Discussion thread
Vote thread
ISSUE
Release	TBD

Motivation

Table statistics describe the data distribution characteristics of a table. Common statistics include the number of rows, table size, column statistics and more. They are very important for DBMS, especially when executing query plans and optimizing query performance.

Currently, Paimon's statistical information is mainly of two types: one stored in snapshot, and the other in dataFileMeta in the manifest, which have fewer types of statistics.
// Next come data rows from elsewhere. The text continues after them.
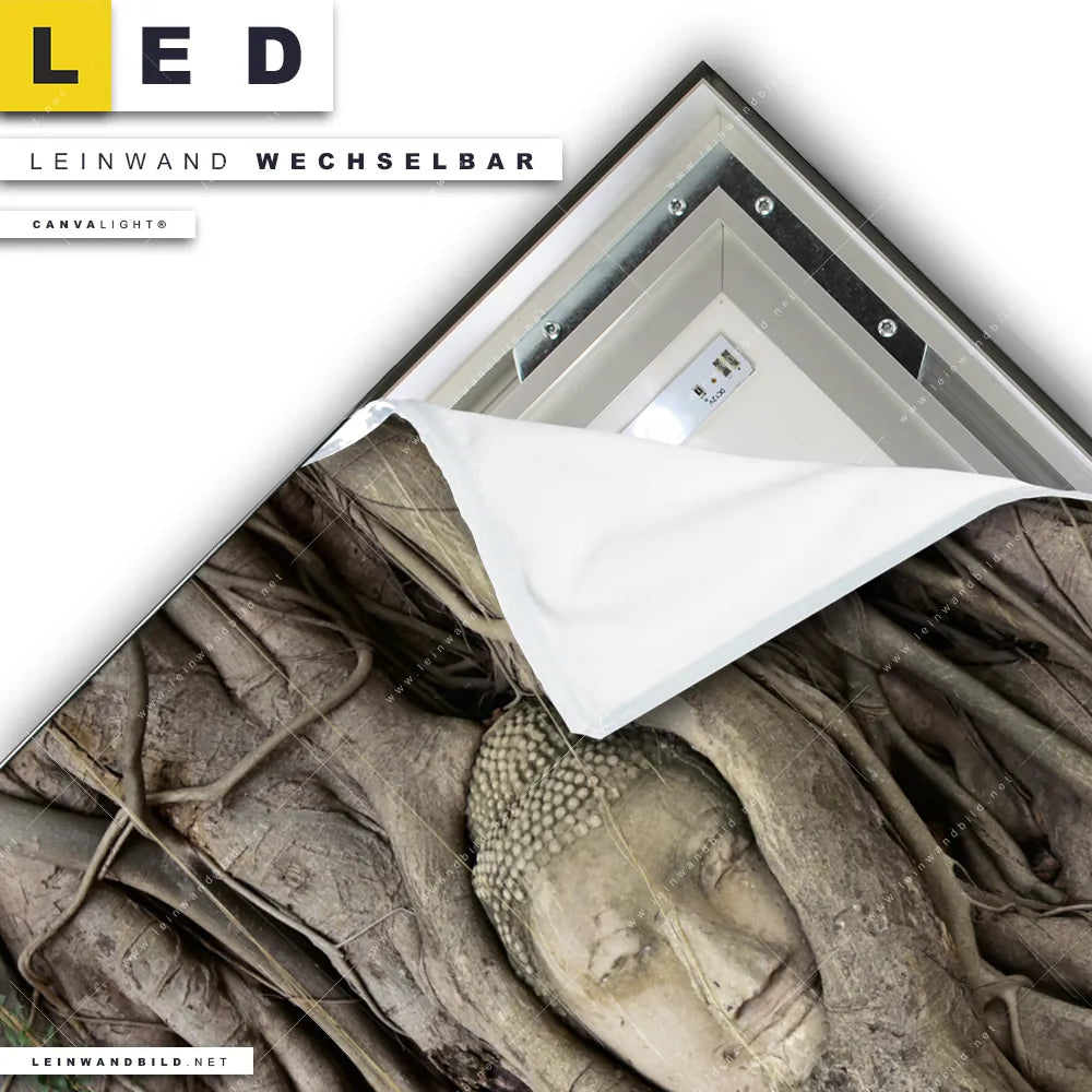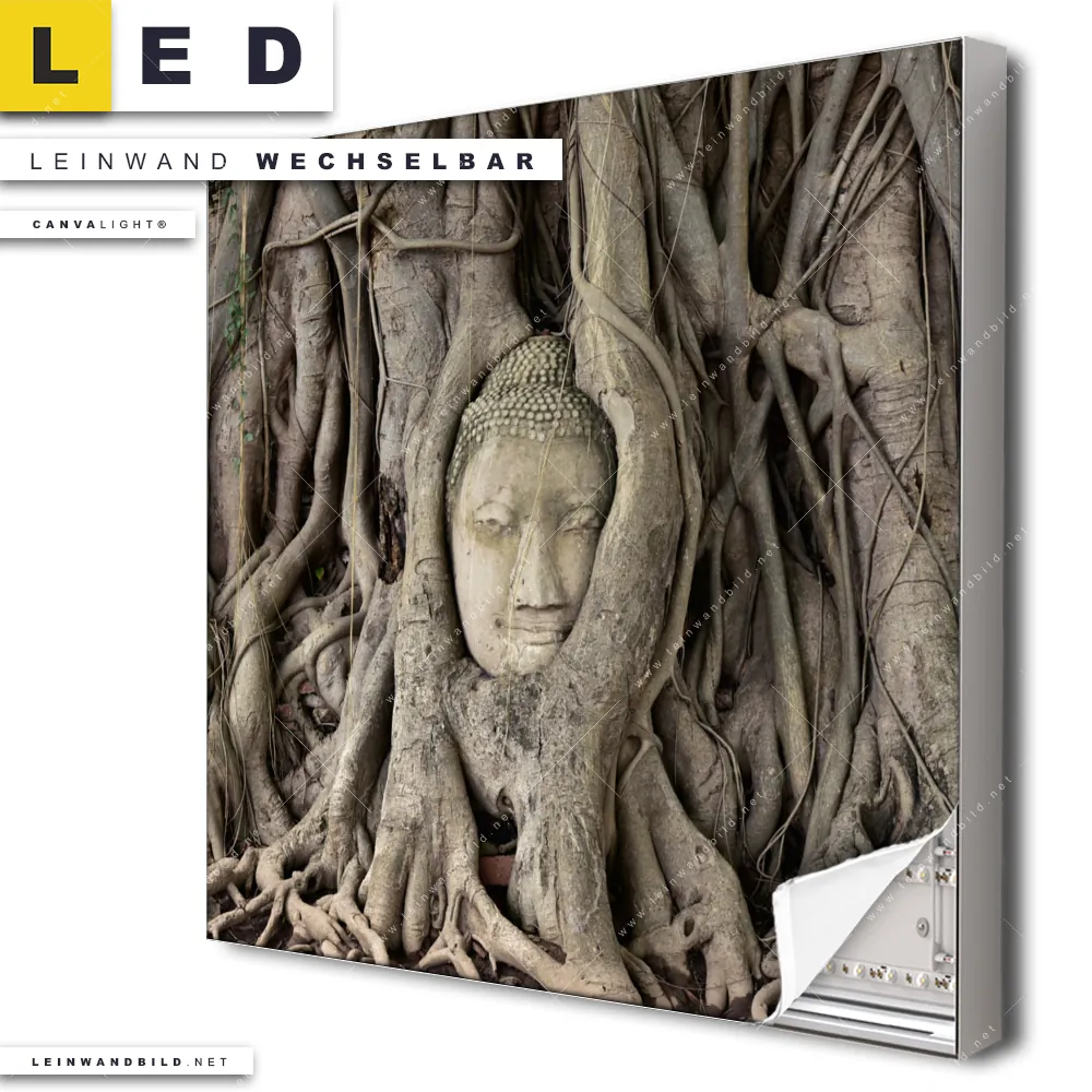 Du konfigurierst Dein individuelles LED Leinwandbild Canvalight® TEX | Buddha in Baumwurzeln | Quadrat und wir produzieren es NEU für Dich. Unsere Buddha - Feng Shui LED Bilder mit wechselbarer Textil-Leinwand sind KEINE Lagerware. Du bist Dir unsicher, welches Motiv oder Format das richtige für dein individuelles Canvalight® Leuchtbild ist, dann helfen wir dir gerne weiter und beraten dich!
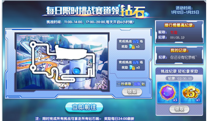 每天一张赛道,完成挑战后即可拿走所有钻石!突破指定记录还可获得额外奖励哦!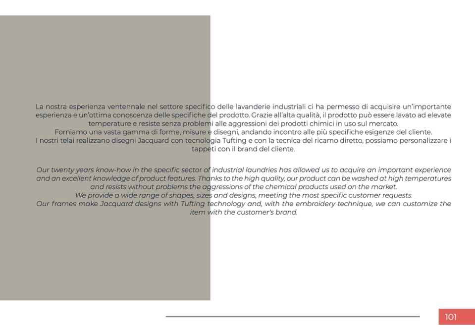 esperienza e un’ottima conoscenza delle specifiche del prodotto. Grazie all’alta qualità, il prodotto può essere lavato ad elevate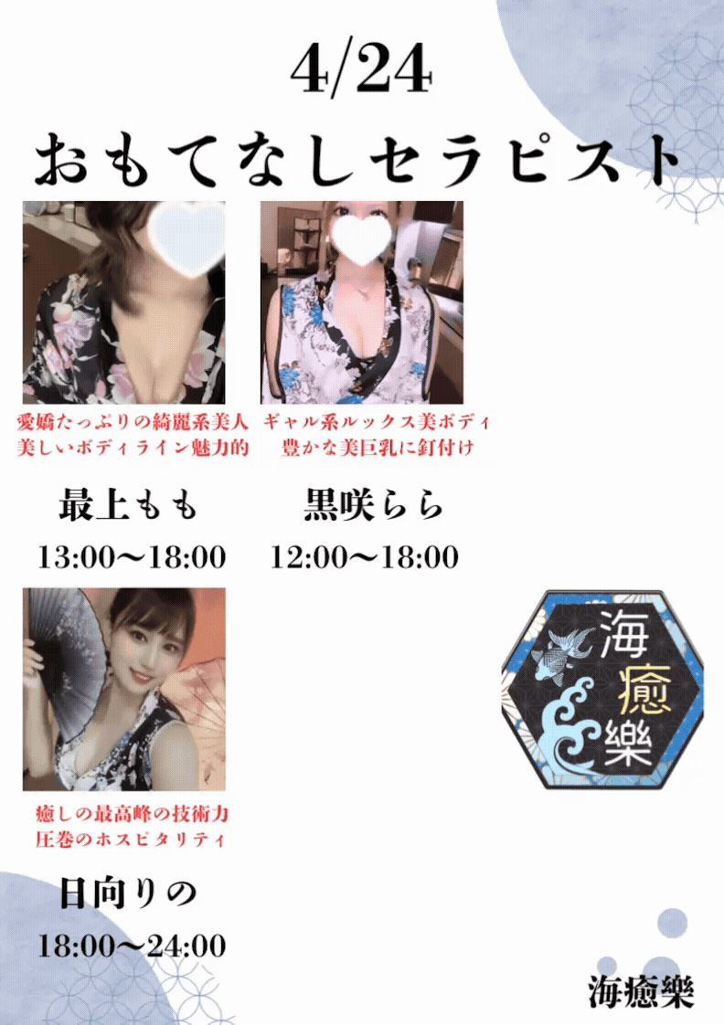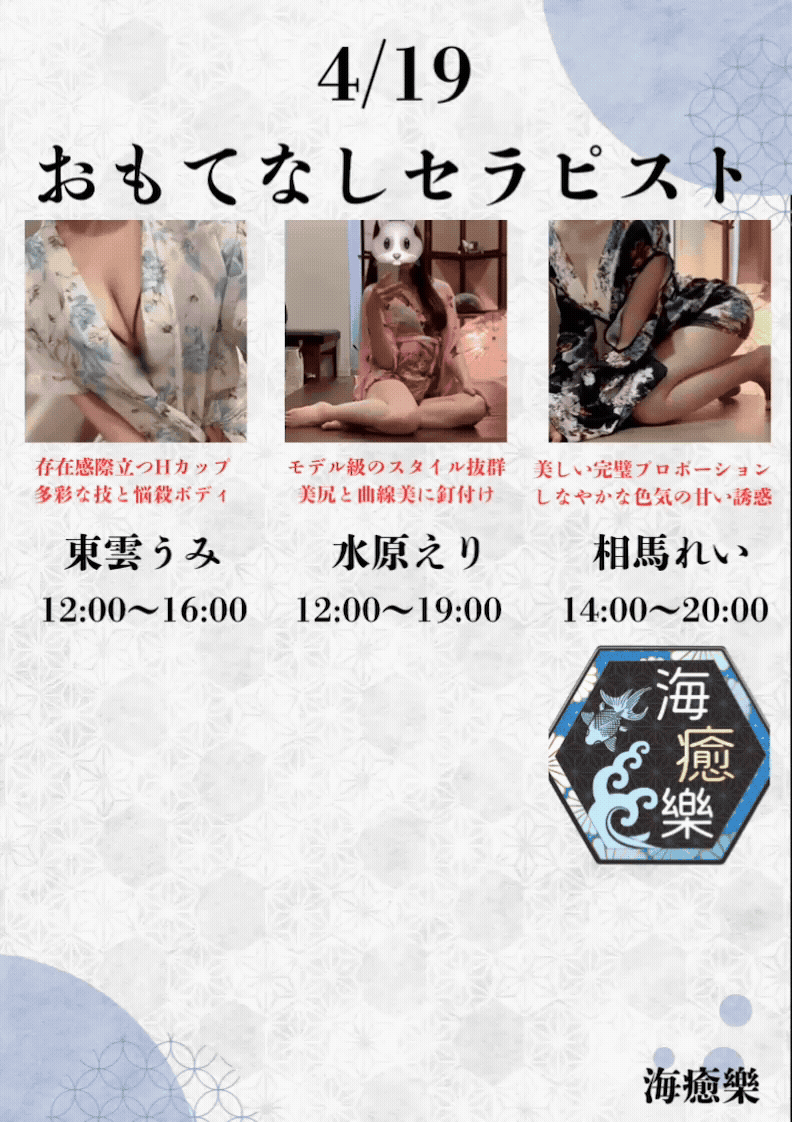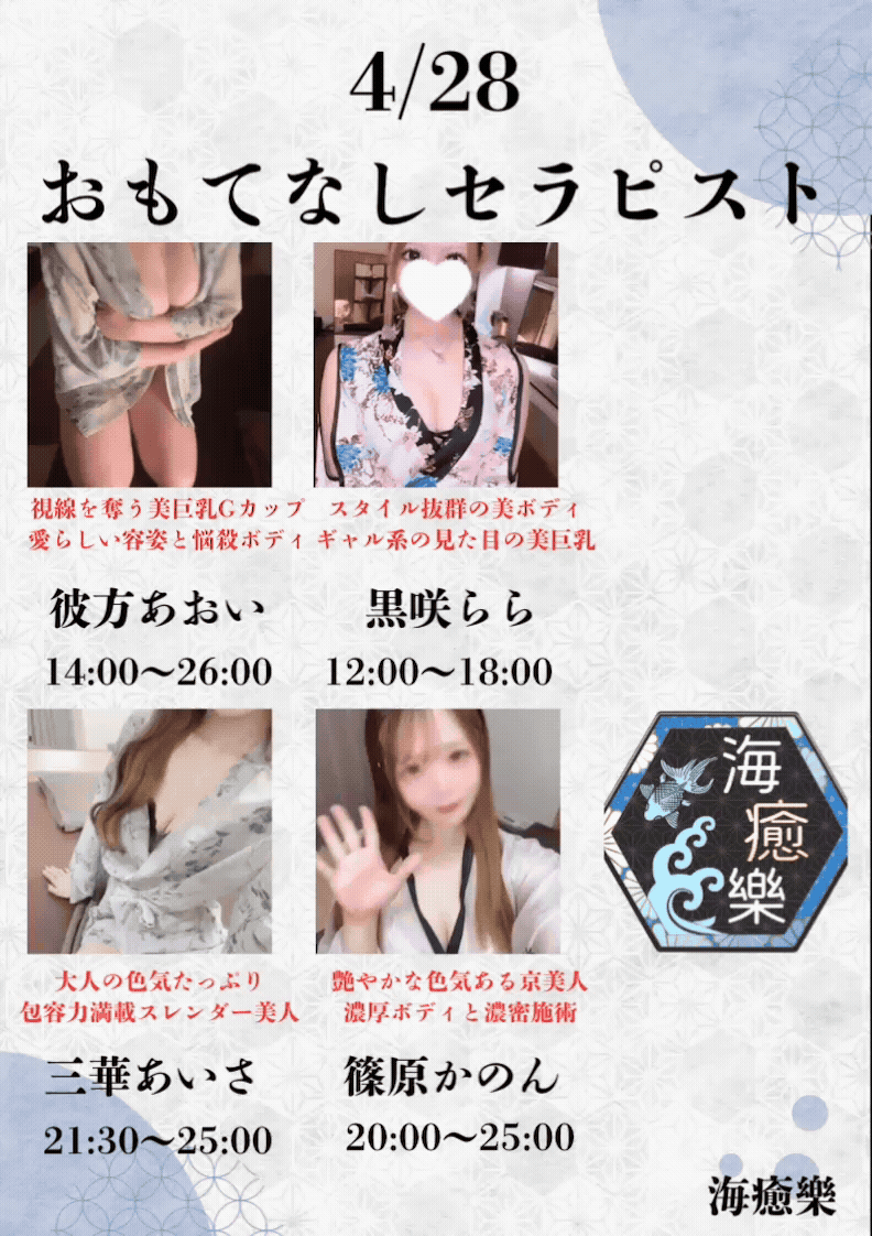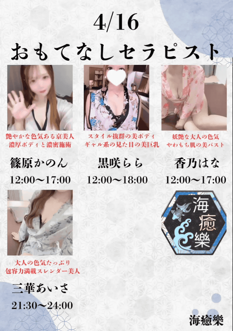 海癒樂が自信をもってお迎えするのは、厳選された美女たち。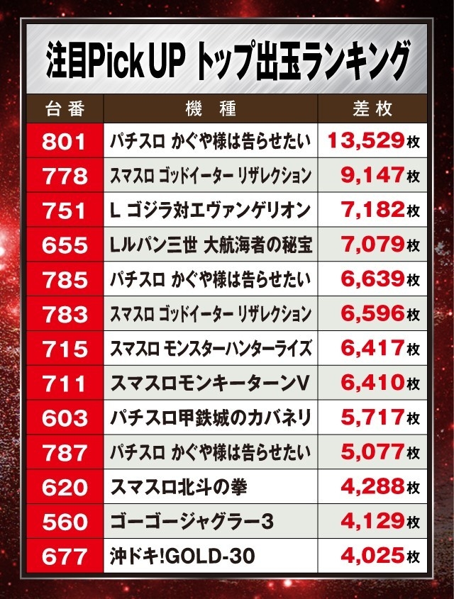 また、その他の機種では『スマスロ ゴッドイーター リザレクション』が+9,147枚、『L ゴジラ対エヴァンゲリオン』と『Lルパン三世 大航海者の秘宝』が+7,000枚超を記録しており、人気のスマスロを中心に多数の好調台が確認されている。

This PIP will further expand on the existing statistics of Paimon to support more statistical information.

Proposed Changes

What is stats

The statistics are mainly categorized into two types: global level stats and col level stats.

global level stats:

mergedRecordCount: The total number of records after merge (similar to count(*) semantics). For example, in a primary key (PK) table, if there were originally 10 records and a new record with an existing primary key is inserted, the mergedRecordCount would still be 10.
mergedRecordSize: The size of the mergedRecordCount in bytes.

col level stats:

distinctCount: The number of distinct values.
min: The minimum value of the column.
max: The maximum value of the column.
nullCount: The number of nulls.
avgLen: Average column length.
maxLen: Maximum column length.

Storage

snapshot

Add a new field `statistics` in snapshot to represent the stats file name which store the stats:

snapshot-x

{ 
  ... 
  "statistics" : "stats-87effd5d-48fd-4aab-81fe-4222b847d247-0"
}

`statistics` dir

Store statistics in a stats file in a separate statistics directory:

table_path
└── statistics
    └── stats-87effd5d-48fd-4aab-81fe-4222b847d247-0

A stats file like (in json):

stats-87effd5d-48fd-4aab-81fe-4222b847d247-0

{
  "snapshotId": "10",
  "mergedRecordCount" : 10,
  "mergedRecordSize" : 1000,
  "colStats" : {
    "orderId" : {
      "distinctCount" : 10,
      "min" : "1",
      "max" : "10",
      "nullCount" : 0,
      "avgLen" : 8,
      "maxLen" : 8
    }
  }
}

Note:

SnapshotId indicates which snapshot the statistics were gathered from. It can be used for information display, as well as for other possible strategies, such as "not using the statistics which are n times out of the latest snapshot".
the next snapshot will automatically inherit the stats from the previous snapshot (even outdated statistics can be useful when performing query optimization), but it will not inherit them when the schema changes.

How to collect

spark

Stats can be collected through the following spark-sql statement (introduce a new commitKind：ANALYZE)

ANALYZE TABLE T COMPUTE STATISTICS: collect table level stats
ANALYZE TABLE T COMPUTE STATISTICS FOR COLUMNS: collect table level stats + col level stats

To differentiate from existing commitKind, propose a new commitKind: ANALYZE

How to use

query with stats

spark

By implementing the SupportsReportStatistics interface, Spark will utilize the stats provided by table for CBO (Cost-Based Optimization) query optimization automatically.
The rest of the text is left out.